John Lennon fans will have to settle for just "A Day in the Life" for now.

The world premiere of Three Days in the Life, comprising two hours of previously unseen footage of the late Beatles icon, was canceled Tuesday after Yoko Ono's lawyers warned the film's producers that she hadn't authorized the project for public viewing.

The film was scheduled to screen at Berwick Academy, a private school in southern Maine. The stepson of Three Days in the Life's executive director, Ray Thomas, is a student there.

According to her legal camp, Lennon's widow has a copyright interest in the film and even free screenings—such as the one set to occur at Berwick—are verboten without her permission. Thomas and business partner John Fallon had planned on a series of free screenings at high schools and colleges.

"Mrs. Lennon owns all rights, title and copyrights in and to all film, outtakes and videotapes embodying the images of the late John Lennon and herself as filmed by Anthony Cox in 1970," attorney Dorothy Weber wrote in a letter to Berwick's head of school Richard Ridgway, according to the Portland Press Herald.

Cox, Ono's first husband, shot 10 hours of black-and-white footage in February 1970, just months before the Beatles called it quits. He then sold his tapes in 2000 for an undisclosed amount to World Wide Video LLC, which whittled the film down to two hours.

Three Days in the Life includes footage of Lennon tooling around with "Mind Games" on the guitar while sitting on the edge of his bed, Yoko sleeping behind him; walking the grounds of his U.K. estate; being interviewed by Ono's daughter, Kyoko Chan Cox, in the back of a limo; and doing a sound check before performing "Instant Carma" on TV.

All of which students across the country will have to just imagine for the time being.

Berwick Academy spokeswoman Shanlee Ginchereau said in a statement that, until Tuesday, the school had been under the impression that World Wide Video owned the rights to the film.

"Given the apparent dispute over ownership rights in the film, Berwick Academy has decided not to show the film as previously scheduled until the parties resolve the underlying ownership dispute. Berwick Academy hopes the parties are able to resolve this matter quickly and looks forward to the opportunity to show this unique piece of music history."

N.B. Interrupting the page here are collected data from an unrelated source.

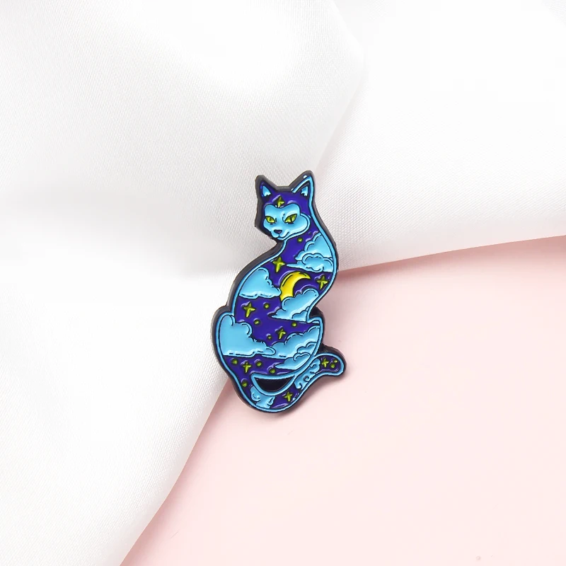Эмалированная заколка без волос с изображением кота звездного неба,...
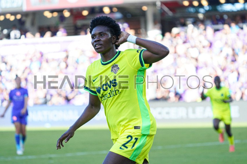 Orlando, Florida, USA, April 19, 2025, Washington Spirit forward Gift Monday #21 celebrate after scoring at Inter&Co Stadium. (Photo Credit: Marty Jean-Louis)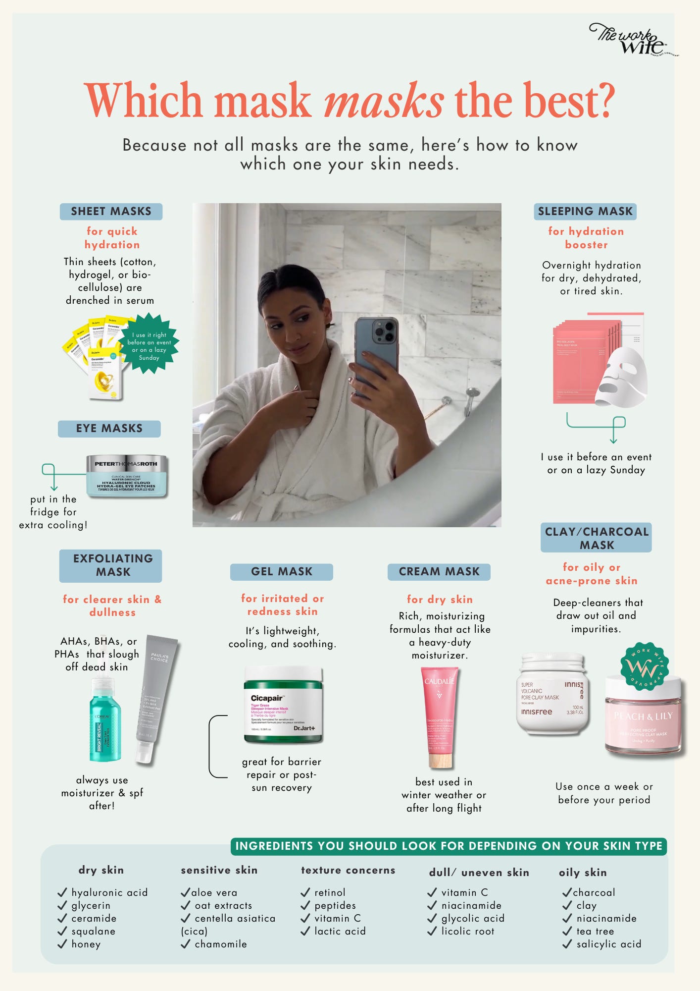 Well, you can use the handy dandy chart I made below based on your skin’s type and skincare needs. The most popular options are sheet masks for quick hydration, I love Dr. Jart for that. A detox mask for oily skin & pores, I love Caudalie for that, and then a clay/charcoal mask, I love Innisfree for that.

Perhaps Ono just wants more say in the matter and will eventually give this picture a chance. Much of the footage from last year's politically charged documentary, The U.S. vs. John Lennon, was compiled from Ono's own archives.

Ono also took issue with the latest work of fiction concerning her husband, but the way things are going she may not have to have to worry about American audiences getting too familiar with it.

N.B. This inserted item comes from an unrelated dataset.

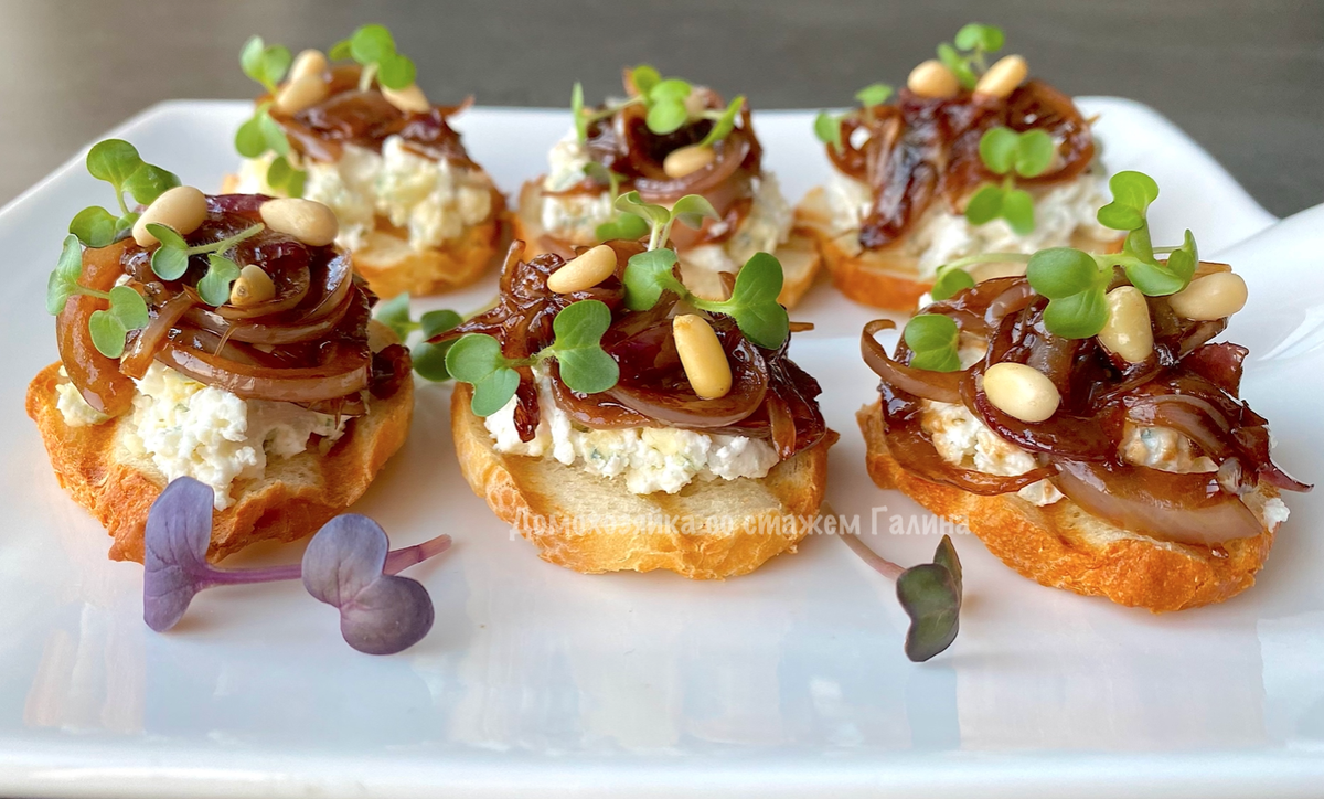 5. Нарежьте багет на тонкие ломтики и слегка поджарьте их на гриле или в тостере. На подсушенные кусочки выложите сырную массу, сверху добавьте остывший луковый чатни.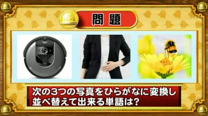 最初は「脳ミングアップクイズ」から、シャッフル写真の問題。次の3つの写真をひらがなに変換し、並べ替えて出来る単語は何か?

Chapter 27, starring Jared Leto as Lennon's killer, Mark David Chapman, premiered at the Sundance Film Festival but has not yet found a U.S. distributor, although it is headed for European, Asian and South American theaters.

Of course, it's not its depiction of Lennon that has Ono concerned.

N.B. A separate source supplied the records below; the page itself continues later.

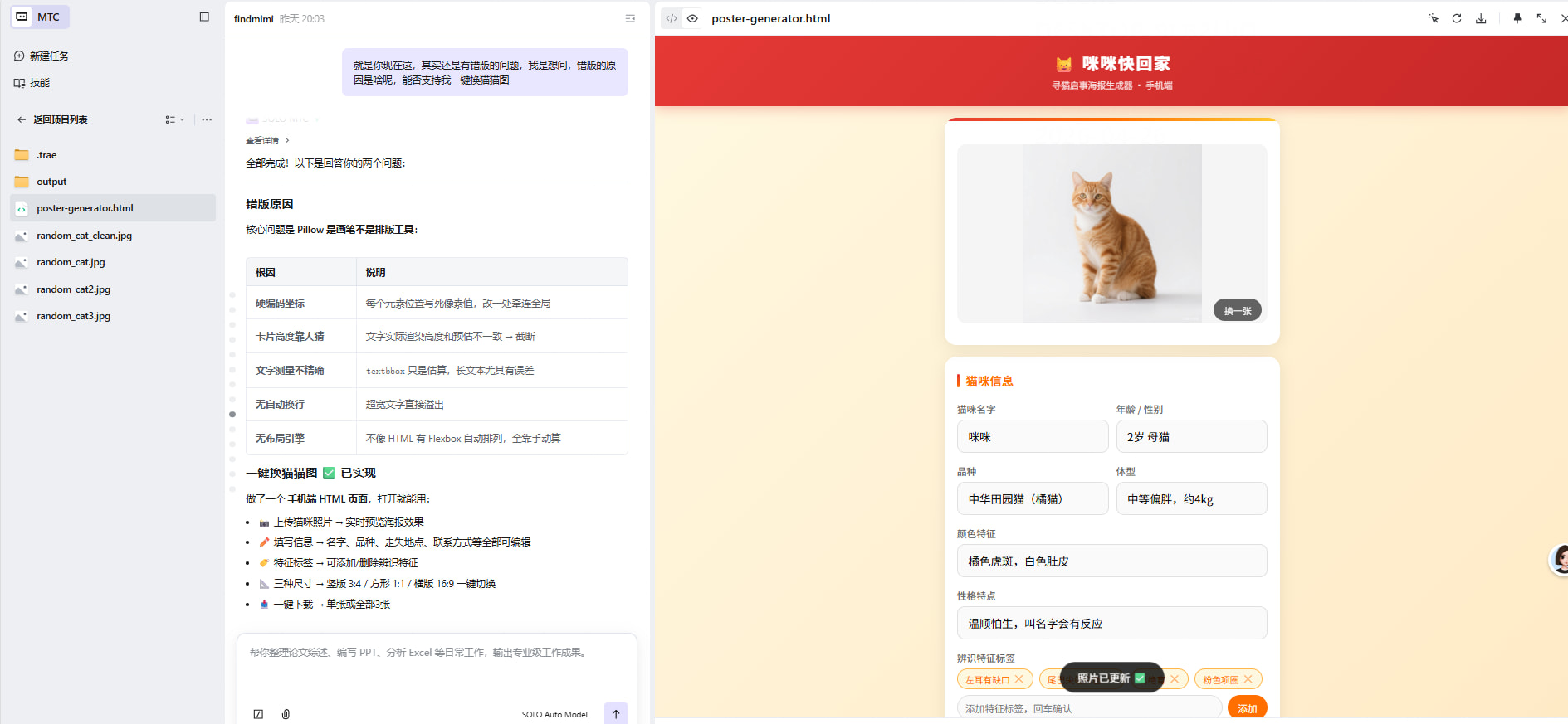 【Hello AI 科技致善】用 SOLO 打造「咪咪快回家」AI 寻猫海报生成器 —— 让每一只走失的猫咪都能回家
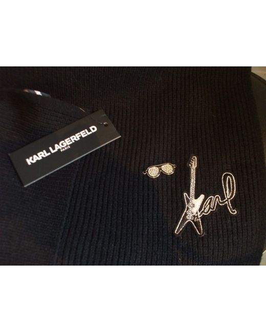 KARL LAGERFELD Black with sunglasses and embroidered guitar detail. 71" / 180cm x 14" / 36cm (approx.).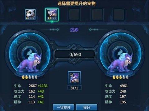 如上圖,消耗寵物碎片來提升寵物的品級,從而帶來屬性值的飛躍,是最有效的寵物提升方式。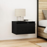 Vægmonteret natbord Sort eg 50 x 36 x 30 cm Konstrueret træ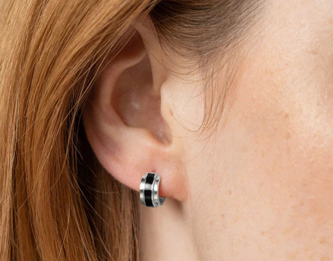 Lately, the earrings I wear most often are the Enamel Stripe Huggie Earrings – Silver/Black, thanks to their versatile design that complements my daily outfits.

''This is another thing which will hurt me, I'm sure," she told the Australian newspaper last summer. "I would rather not make a story out of Mr. Chapman at all, although I sympathize with the actors. They need to work. It's not just films, you're always talking about it [Lennon's murder].

"Every day, every week, is an anniversary for me. There is not one time that John is not around me, or my memory of John is not there. It has been 25 years, but it has passed so fast.''

At press time, 2,550 people have signed an online petition opposing Chapter 27.

"What is the name of the person who killed John Lennon? Paul McCartney and Yoko Ono made a simple request to John Lennon's fans. Never repeat the name of his killer. Doing so would only give his killer the fame and notoriety he was seeking," reads a statement on the petition Website.

"When John and I were doing things, a lot of people just didn't think about it," Ono told Entertainment Weekly last month. "Maybe we planted a seed; there are so many people, each doing it in his own way."

On the thousands of people ready to boycott Chapter 27: "It's very sweet of them. John would have thought so, too."